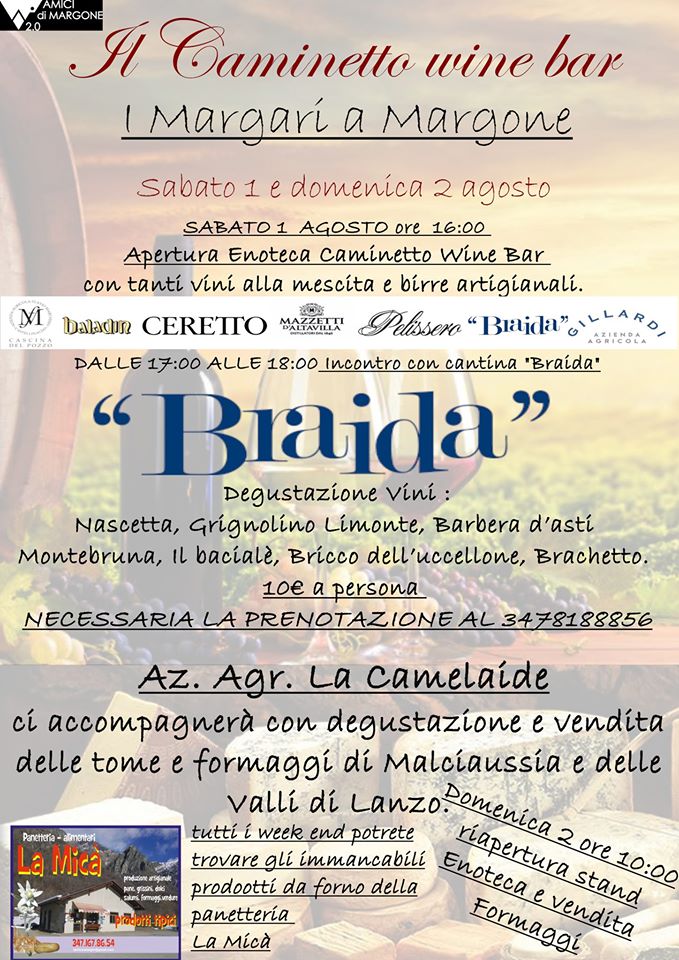 Terzo week end di questa rassegna, vi aspettiamo in compagnia di BRAIDA per una fantastica degustazione dei suoi vini. Ad accompagnarci ci sarà Az. Agr. La Camelaide (MALCIAUSSIA) con le Tome ed i formaggi delle nostre valli…. non mancate..
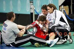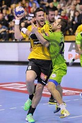 action during handball match Gorenje Velenje (SLO)-Hamburg (GER) in EHF Champions league, played in Red Hall, Velenje, Slovenia on February 5, 2014
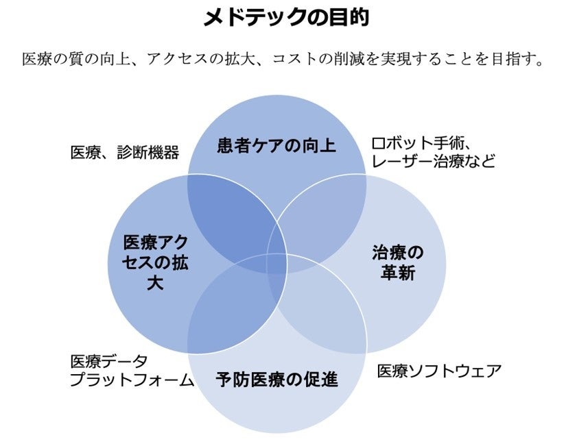 これらの目的は、全体として、医療の質の向上、アクセスの拡大、コストの削減を実現することを目指しています。メドテックは、これらの目的を達成するための技術や手法を提供する重要な役割を果たしています。
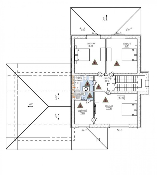 2-ий поверх: 2 спальні, 1 загальний санвузол + 1 спальня з гардеробом та санвузлом.
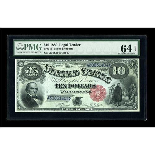 <B>Fr. 113 $10 1880 Legal Tender PMG Choice Uncirculated 64 EPQ.</B></I> Apparently, the top margin held the grade down on this otherwise Superb-appearing 1880 Ten. Pronounced paper originality is easy to see through the third party holder.<BR><BR><b>Shipping:</b> Coins & Currency (<a target="_blank" href="http://www.heritageauctions.com/common/shipping.php">view shipping information</a>)
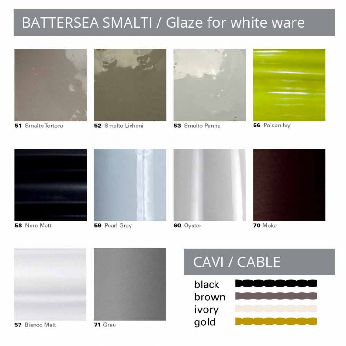 Hinweis: Lampe in verschiedenen chromatischen Variationen erhältlich, sowohl für die äußere Oberfläche als auch für das Stromkabel. Sehen Sie sich die Farbkarte an und geben Sie die gewünschten Farbcodes in das entsprechende Feld ein.
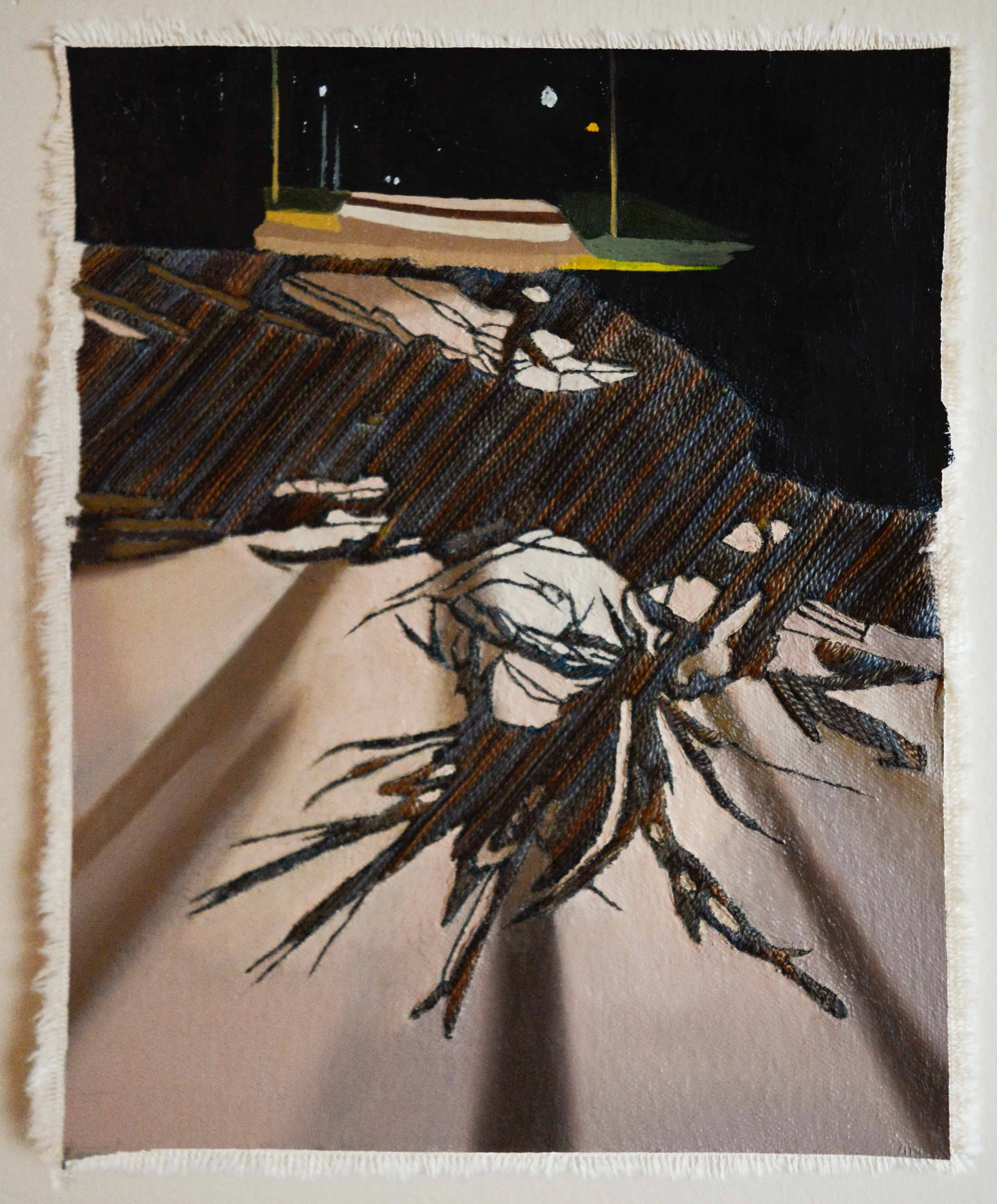 “Descent” oil and embroidery on unstretched canvas, 10x8”, 2022, NFS

++++++++

▶ _Task requirements_
Transcribe each record above exactly, leaving every picture out of the copy.

▶ _Response to this exercise_
 Terzo week end di questa rassegna, vi aspettiamo in compagnia di BRAIDA per una fantastica degustazione dei suoi vini. Ad accompagnarci ci sarà Az. Agr. La Camelaide (MALCIAUSSIA) con le Tome ed i formaggi delle nostre valli…. non mancate..
 action during handball match Gorenje Velenje (SLO)-Hamburg (GER) in EHF Champions league, played in Red Hall, Velenje, Slovenia on February 5, 2014
 これらの目的は、全体として、医療の質の向上、アクセスの拡大、コストの削減を実現することを目指しています。メドテックは、これらの目的を達成するための技術や手法を提供する重要な役割を果たしています。
 2-ий поверх: 2 спальні, 1 загальний санвузол + 1 спальня з гардеробом та санвузлом.
 <B>Fr. 113 $10 1880 Legal Tender PMG Choice Uncirculated 64 EPQ.</B></I> Apparently, the top margin held the grade down on this otherwise Superb-appearing 1880 Ten. Pronounced paper originality is easy to see through the third party holder.<BR><BR><b>Shipping:</b> Coins & Currency (<a target="_blank" href="http://www.heritageauctions.com/common/shipping.php">view shipping information</a>)
 Hinweis: Lampe in verschiedenen chromatischen Variationen erhältlich, sowohl für die äußere Oberfläche als auch für das Stromkabel. Sehen Sie sich die Farbkarte an und geben Sie die gewünschten Farbcodes in das entsprechende Feld ein.
 “Descent” oil and embroidery on unstretched canvas, 10x8”, 2022, NFS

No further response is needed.